START Exercise data

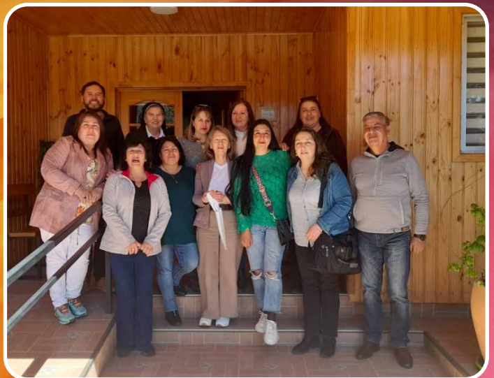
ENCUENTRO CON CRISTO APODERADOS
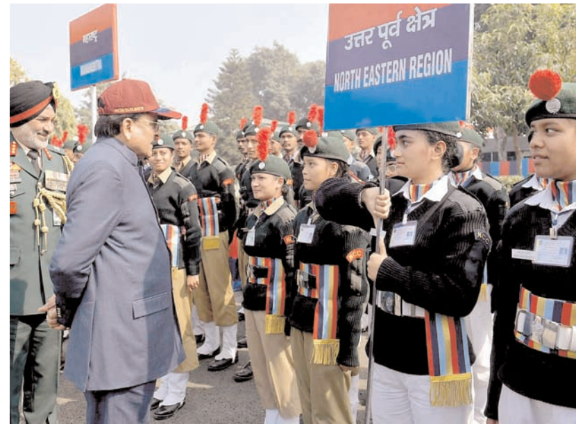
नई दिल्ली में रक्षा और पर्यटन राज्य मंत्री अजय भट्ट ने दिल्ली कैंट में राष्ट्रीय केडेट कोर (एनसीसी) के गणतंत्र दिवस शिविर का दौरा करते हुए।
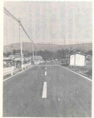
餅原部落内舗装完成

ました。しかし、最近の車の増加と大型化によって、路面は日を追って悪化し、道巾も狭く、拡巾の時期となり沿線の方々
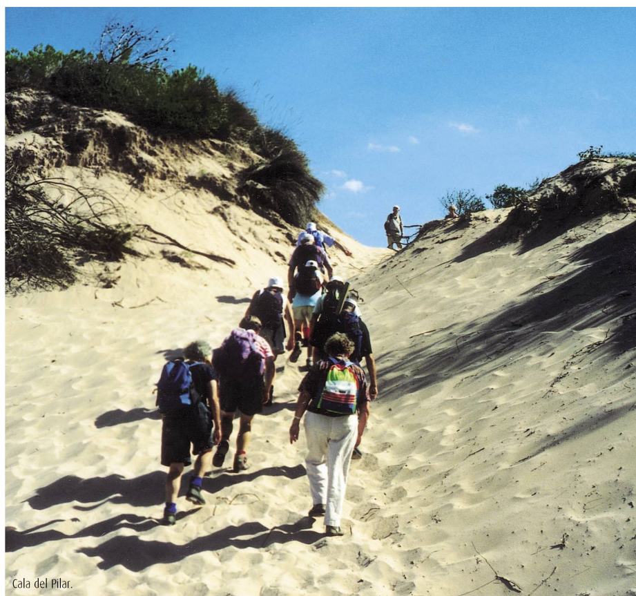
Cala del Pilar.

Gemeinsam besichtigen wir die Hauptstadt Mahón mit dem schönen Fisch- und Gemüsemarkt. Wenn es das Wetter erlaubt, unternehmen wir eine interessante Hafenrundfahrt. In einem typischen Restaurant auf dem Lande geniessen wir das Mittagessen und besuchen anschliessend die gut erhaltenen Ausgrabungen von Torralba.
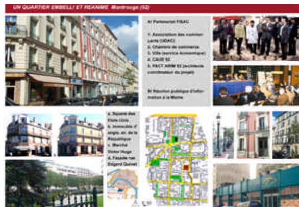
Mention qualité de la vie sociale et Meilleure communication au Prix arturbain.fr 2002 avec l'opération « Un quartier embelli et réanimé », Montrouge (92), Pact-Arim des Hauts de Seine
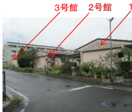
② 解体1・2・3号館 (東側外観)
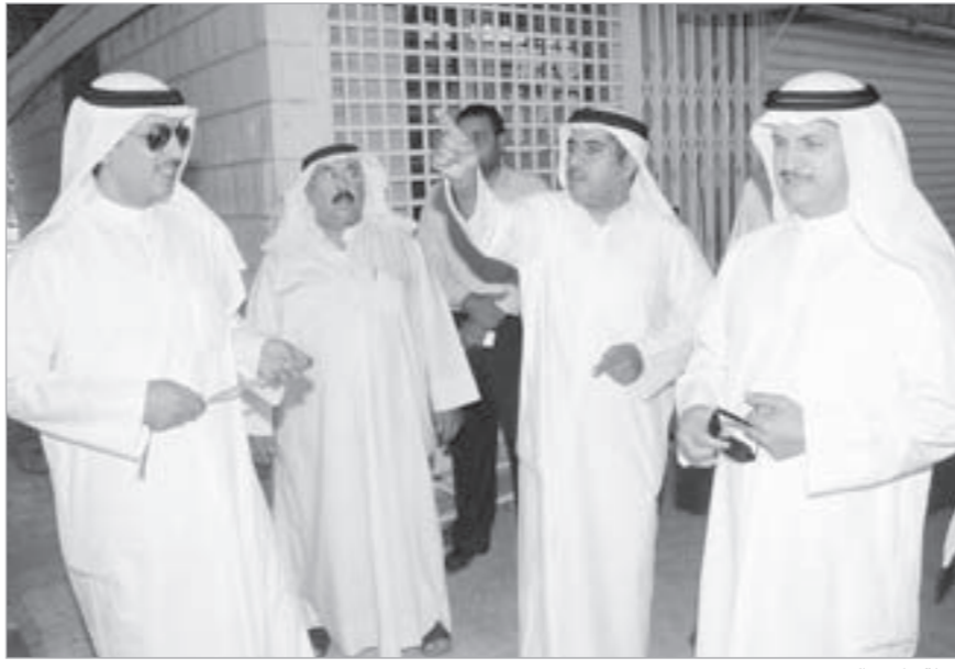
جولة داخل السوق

END Exercise data

Requirement
Exactly what appears in the records above must be returned, apart from the pictures.

Answer to this problem
ENCUENTRO CON CRISTO APODERADOS
नई दिल्ली में रक्षा और पर्यटन राज्य मंत्री अजय भट्ट ने दिल्ली कैंट में राष्ट्रीय केडेट कोर (एनसीसी) के गणतंत्र दिवस शिविर का दौरा करते हुए।
餅原部落内舗装完成

ました。しかし、最近の車の増加と大型化によって、路面は日を追って悪化し、道巾も狭く、拡巾の時期となり沿線の方々
Cala del Pilar.

Gemeinsam besichtigen wir die Hauptstadt Mahón mit dem schönen Fisch- und Gemüsemarkt. Wenn es das Wetter erlaubt, unternehmen wir eine interessante Hafenrundfahrt. In einem typischen Restaurant auf dem Lande geniessen wir das Mittagessen und besuchen anschliessend die gut erhaltenen Ausgrabungen von Torralba.
Mention qualité de la vie sociale et Meilleure communication au Prix arturbain.fr 2002 avec l'opération « Un quartier embelli et réanimé », Montrouge (92), Pact-Arim des Hauts de Seine
② 解体1・2・3号館 (東側外観)
جولة داخل السوق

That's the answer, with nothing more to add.